Amount of individual flavonoids in the active extracts (DCM and EtOAc extracts) and stem bark materials of different Oroxylum indicum samples (Oro-1 to Oro-4). Values shown in w% of air-dried plant material and relative standard deviations are in parenthesis (n=3).

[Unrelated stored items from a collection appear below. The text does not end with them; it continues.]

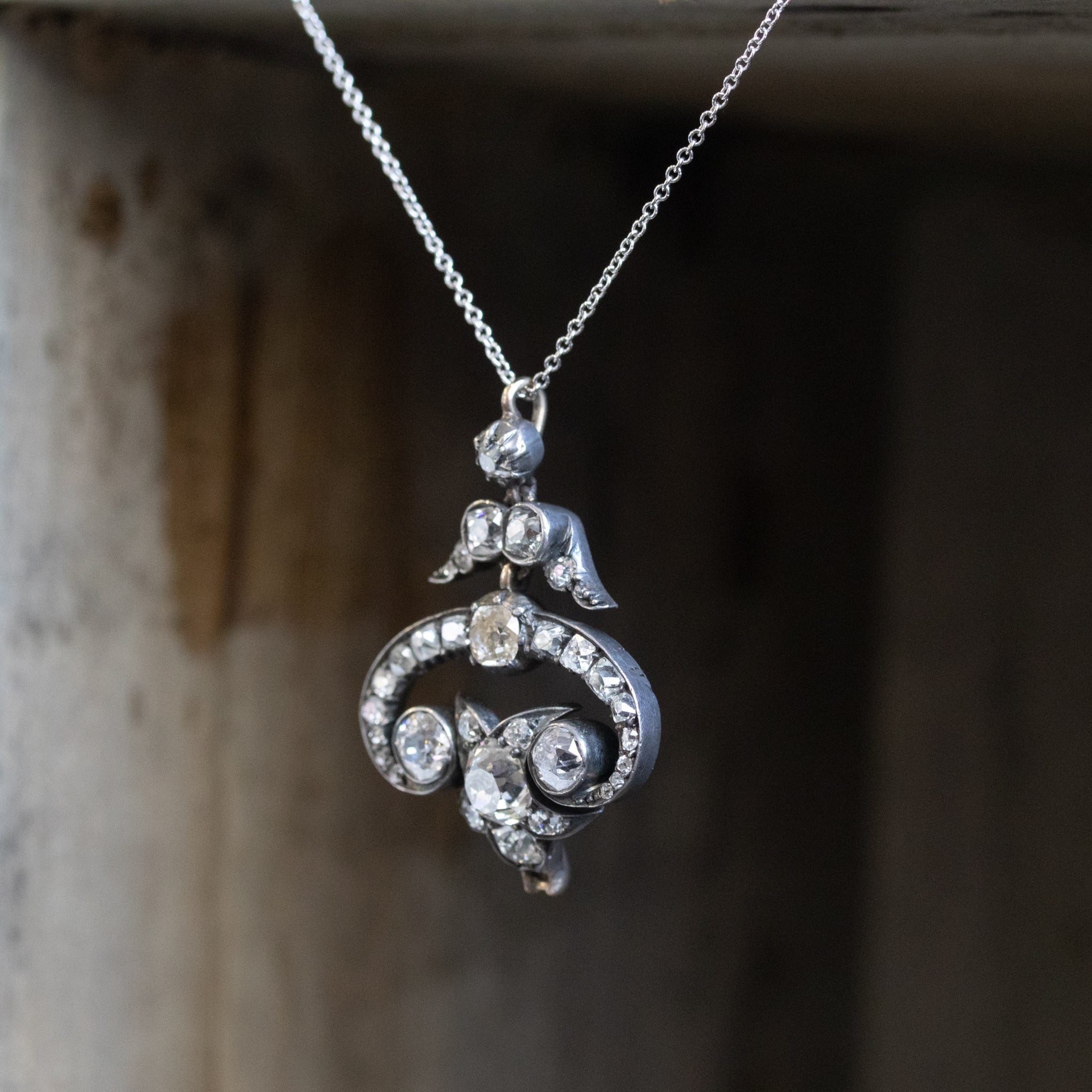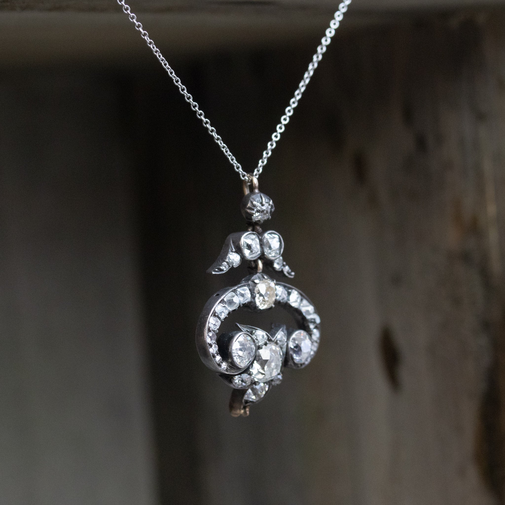 A charming and unique Victorian pendant highlights some major sparkle with old mine cut diamonds! The swirl motif draws your eyes to the three large, gorgeous old mine cut diamonds. This pendant lays elegantly on the décolletage, with an additional link at the bottom if you wanted to add more bling!
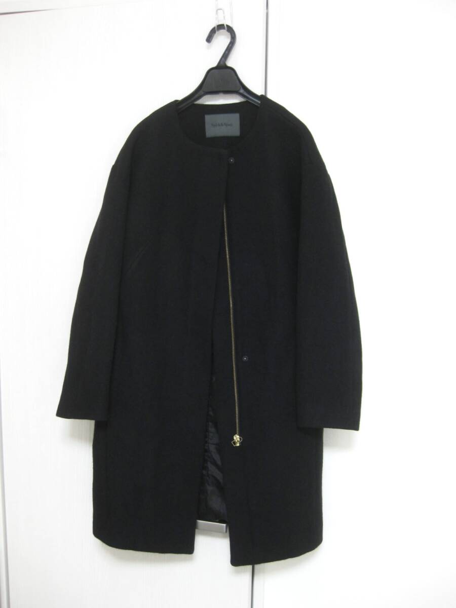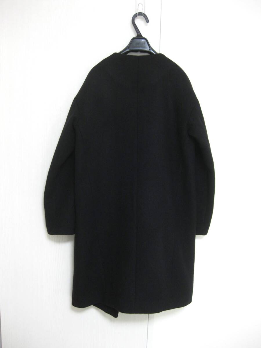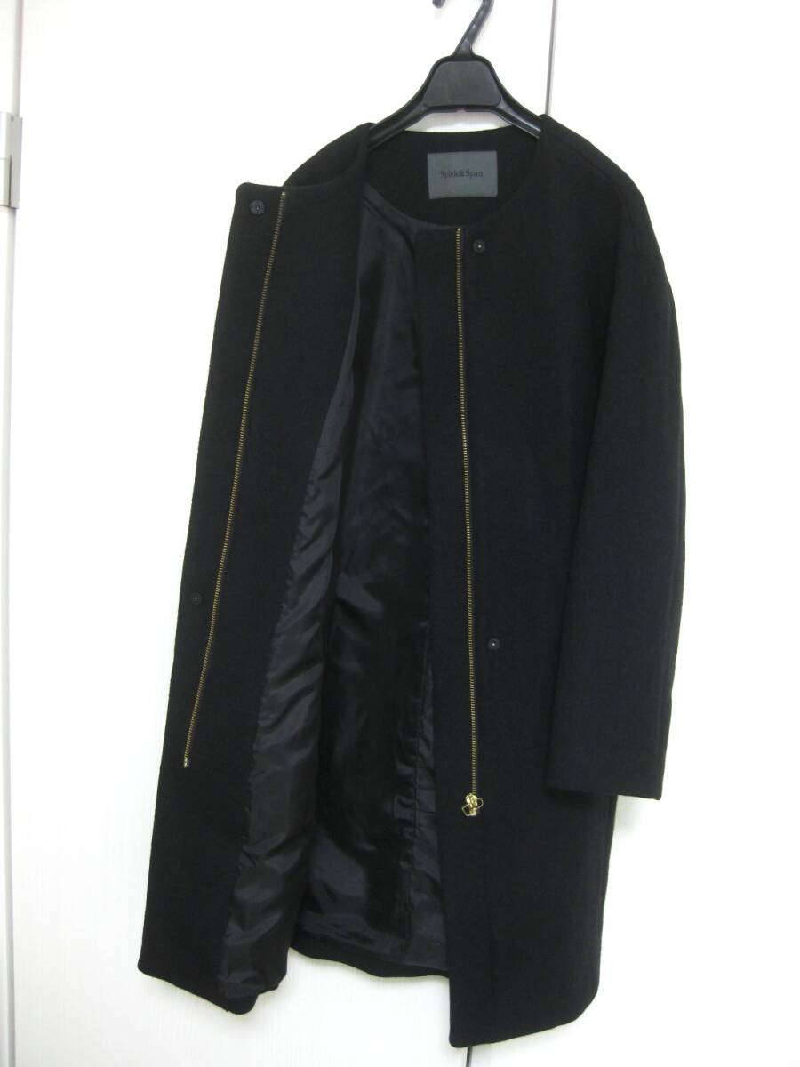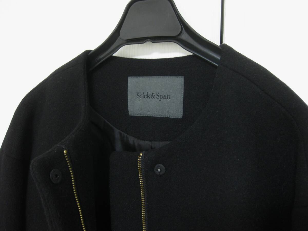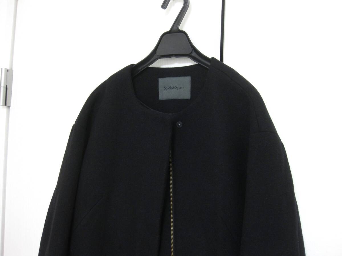 Spick&Span ロングコート 黒 36 ウール混 ノーカラー スピック&スパン
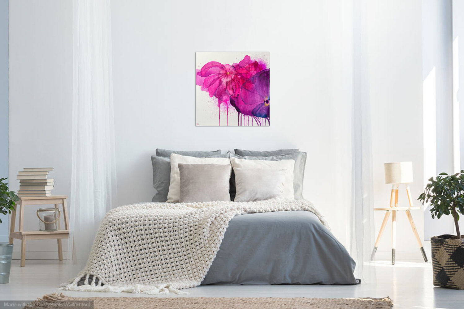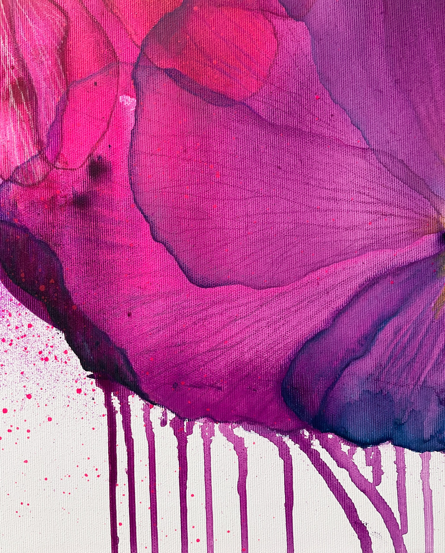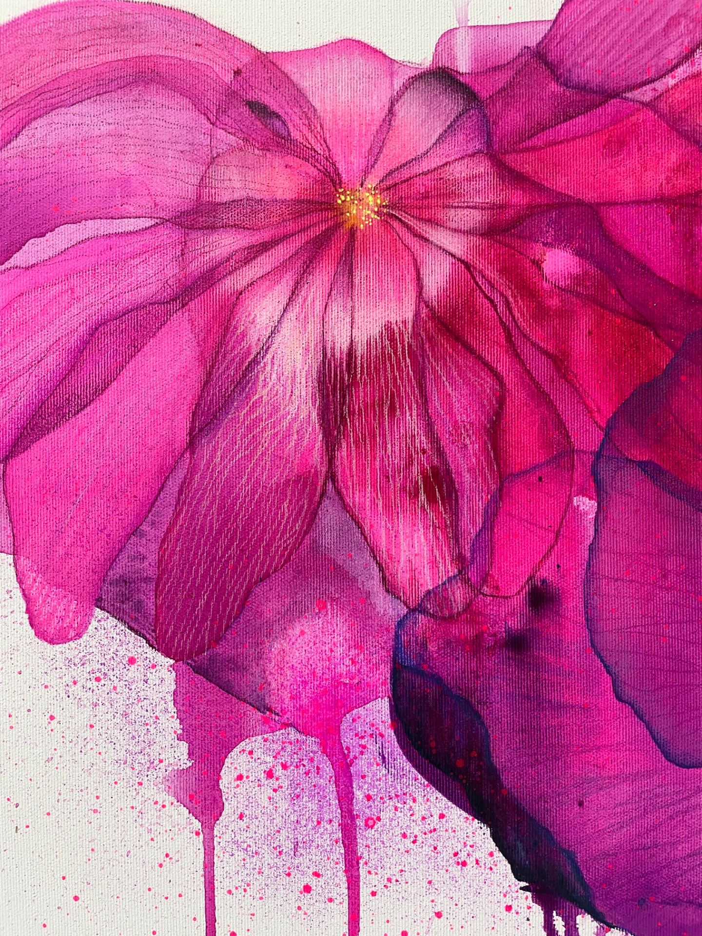 Obraz je jemnou abstraktní malbou s lehkým mikroskopickým pohledem na něco živého uvnitř květů. Nezachycuje jejich vnější podobu, ale vnitřní struktury, vrstvy a proudění. Nejde o botanické zobrazení ani o konkrétní druh. Květiny zde nejsou popisem reality, ale symbolickým prostorem života, místem, kde se odehrává tiché vnitřní dění. Motivem je propojení dvou květů a jejich sdílení. Dva samostatné živé celky, které se dotýkají, reagují na sebe, dýchají, snad společně sní. Skrze barvu a vnitřní energii.
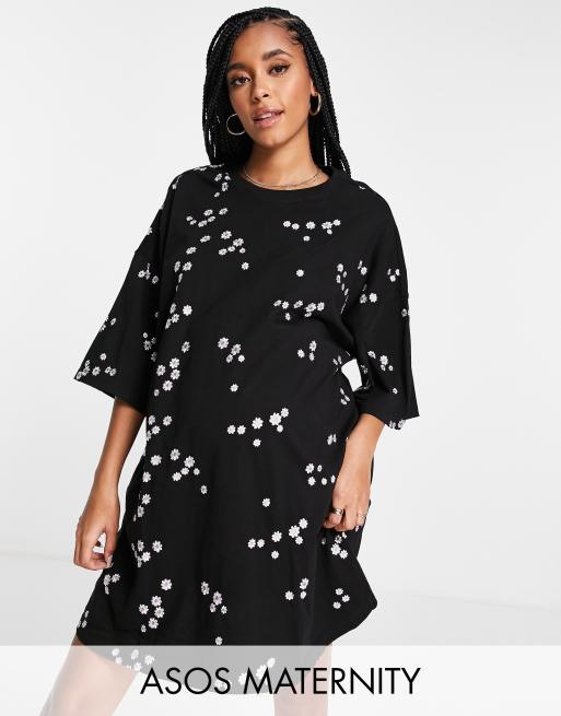 ASOS DESIGN Maternity - Oversized T-shirtjurk met fijne groene borduursels in zwart
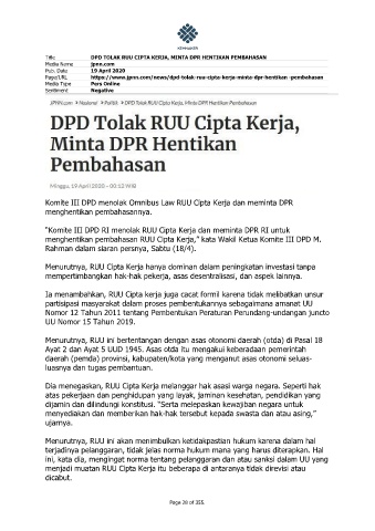 Title DPD TOLAK RUU CIPTA KERJA, MINTA DPR HENTIKAN PEMBAHASAN
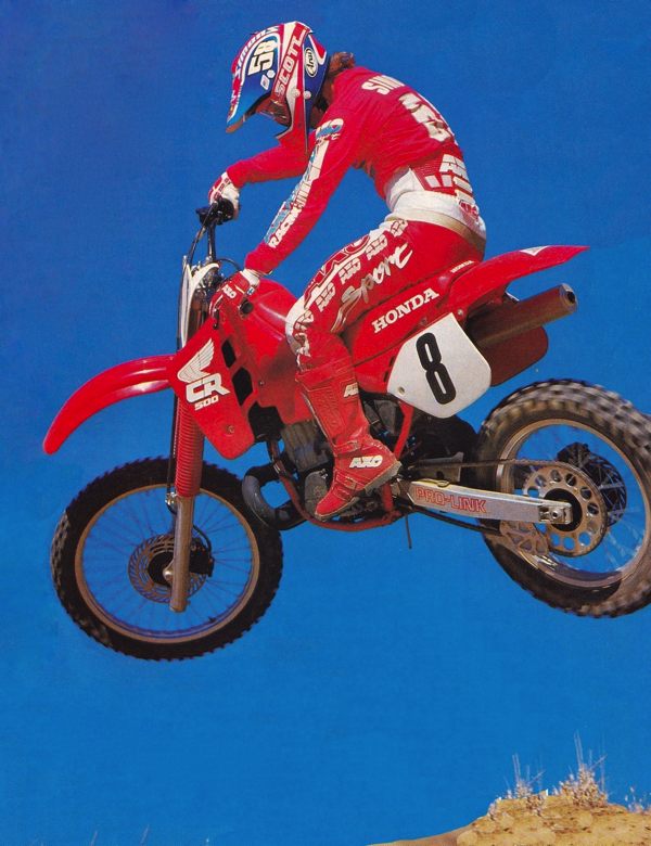 For 1988, The CR500R remained the same big, burly and beastly machine it had been in 1987. The new dark red color pallet updated the looks, but the motor remained unchanged, aside from a slight increase in crank inertia. In spite of this small attempt smooth out the powerband, the CR remained the most violent of the ’88 Open classers. Power was incredibly explosive off idle and ripped into an eye watering midrange blast. It was the type of power that shredded tires, relocated shoulder sockets and sent posers back to the 250 class. Dirt Rider Magazine photo |

	Hispidulin	Baicalein	Chrysin	Oroxylin A	Σ of flavonoids (%)
DCM extract	n.d	13.43%	1.72%	8.56%	23.71
EtOAc extract	2.0%	15.96%	3.42%	13.83%	35.21
Oro-1	n.d	0.13% (4.36)	0.04% (1.43)	0.14% (3.92)	0.31
Oro-2	0.01% (4.50)	0.26% (4.87)	0.05% (4.28)	0.19% (2.86)	0.51
Oro-3	0.02% (1.19)	0.22% (4.46)	0.07% (1.22)	0.10% (1.11)	0.41
Oro-4	0.03% (1.89)	0.45% (3.32)	0.15% (5.01)	0.09% (4.74)	0.71

Oroxylum indicum is used in many Asian countries; however, different parts of the plant are often used. The seeds of Oroxylum indicum are described in the Chinese Pharmacopeia (The State Pharmacopoeia Commission of P.R. China, 2010) while the stem bark is present in the Vietnamese Pharmacopoeia (The State Pharmacopoeia Commission of Vietnamese Pharmacopoeia, 2009). In the Ayurvedic system of medicine, the root bark is the officially used part of Oroxylum indicum (Radhika et al., 2011). Due to the popularity of this herbal medicine, several analytical procedures have been reported for the detection of flavonoids in different plant parts. Interestingly, hispidulin was not detected in the seeds (Krüger and Ganzera, 2012), while all four compounds (hispidulin, baicalein, chrysin and oroxylin A) were detected simultaneously in the root bark (Yadav et al., 2012). Among the quantified flavonoids, baicalein was the dominant flavonoid aglycone in all plant parts of Oroxylum indicum, 0.09–0.18% in the seeds (Krüger and Ganzera, 2012), 0.13–0.45% in the stem bark (Table 2), and 0.67% in the roots (Yadav et al., 2012).

Conclusion

Ethnopharmacological knowledge is a promising source for the selection of potential bioactive plant material. Among 17 Vietnamese plants used for the treatment of a variety of diseases associated with inflammation, the dichloromethane extracts of Chromolaena odorata and Oroxylum indicum proved to be promising inhibitors of the NF-κB pathway. A previous study identified fatty acids of Chromolaena odorata as inhibitors of NF-κB activation (Tran et al., 2011) but since the main constituents of this plant (Dat et al., 2009) are flavonoids, it might be necessary to consider a contribution of these compounds to the NF-κB inhibitory effect of this plant. Phytochemical studies of Oroxylum indicum bark led to the identification of four bioactive flavonoids (hispidulin, baicalein, chrysin, and oroxylin A). Baicalein and its glycoside, baicalin, are well known for their anti-inflammatory activity related to the inhibition of NF-κB activation. However, in this study, simultaneous testing with other constituents of Oroxylum indicum, baicalein showed a weak activity while baicalin was inactive, whereas other flavonoids e.g. oroxylin A seem to be more important in respect to the NF-κB inhibitory effect of Oroxylum indicum extracts. Altogether, the performed study supports the traditional use of some of the investigated species against inflammation by the found in vitro activity and identified the stem bark of Oroxylum indicum as a valuable source of flavonoids with an anti-inflammatory activity.